Forest communities—tree species that commonly co-occur—are constantly changing as trees die and new trees replace them. At the same time, carbon moves from the live to the dead carbon pool. A challenge is to determine the amount of carbon being sequestered and stored by these forest communities as they change over time. Northern Research Station scientists and collaborators borrowed an approach from text mining research, an artificial intelligence (AI)-based discipline focused on extracting information from written data, to determine how commonly co-occurring words (species) in sentences (forest inventory plots) form topics (communities). Scientists used over 20,000 remeasurements of around 5,600 Forest Inventory and Analysis (FIA) plots in the Great Lakes region to evaluate how forest communities change over time.

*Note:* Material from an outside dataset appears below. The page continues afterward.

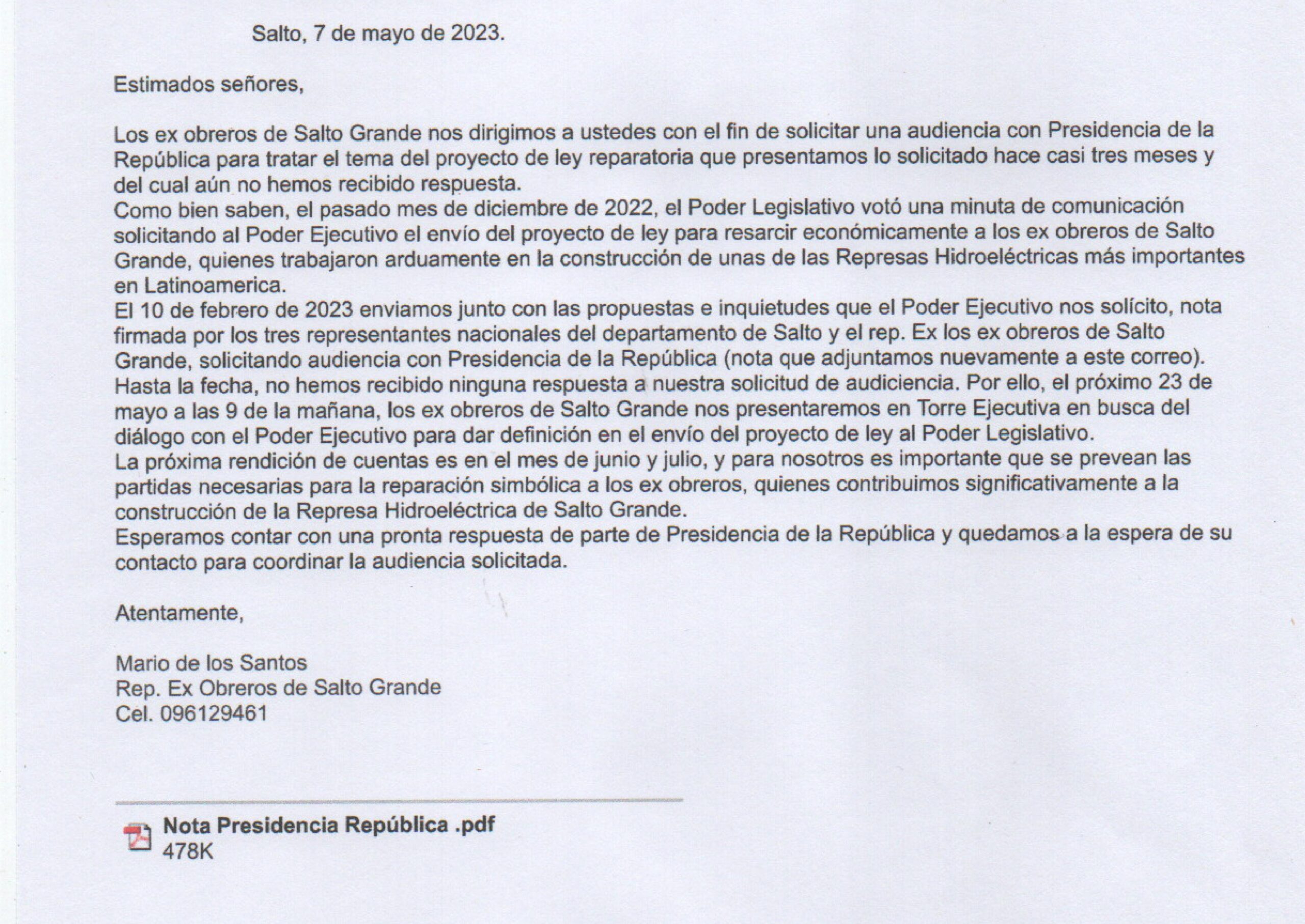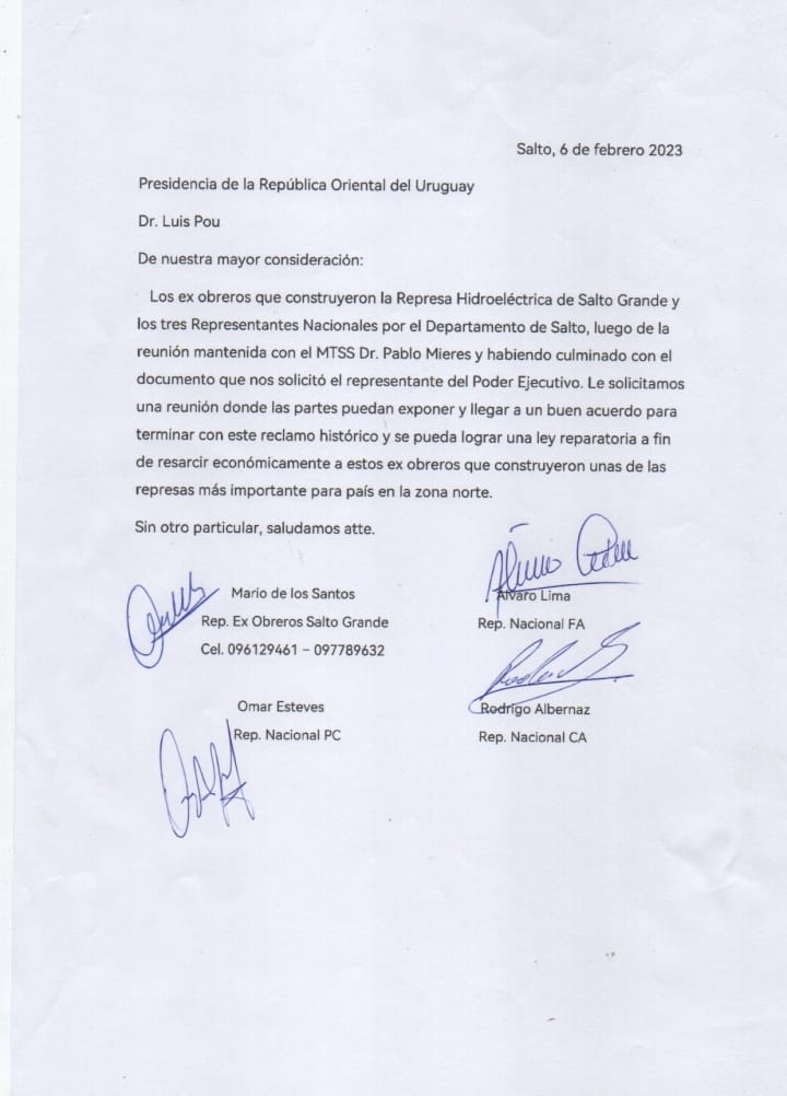 Ex obreros de Salto Grande enviaron una nueva carta a Presidencia solicitando una audiencia 8 mayo, 2023 - Dejar un comentario

The findings quantified how much carbon was stored in each of six unique forest communities identified by the text mining algorithm. For example, the sugar maple-basswood community had the most live carbon, but the fir-cedar-birch community had the most standing dead carbon. The findings also showed that a combination of both the forest community and the forest structure in the FIA plots best predicted changes to the carbon pools. These improved knowledge areas can inform forest managers how shifts in their forests’ community composition and structure may impact their forests’ ability to capture and store carbon to further combat climate change.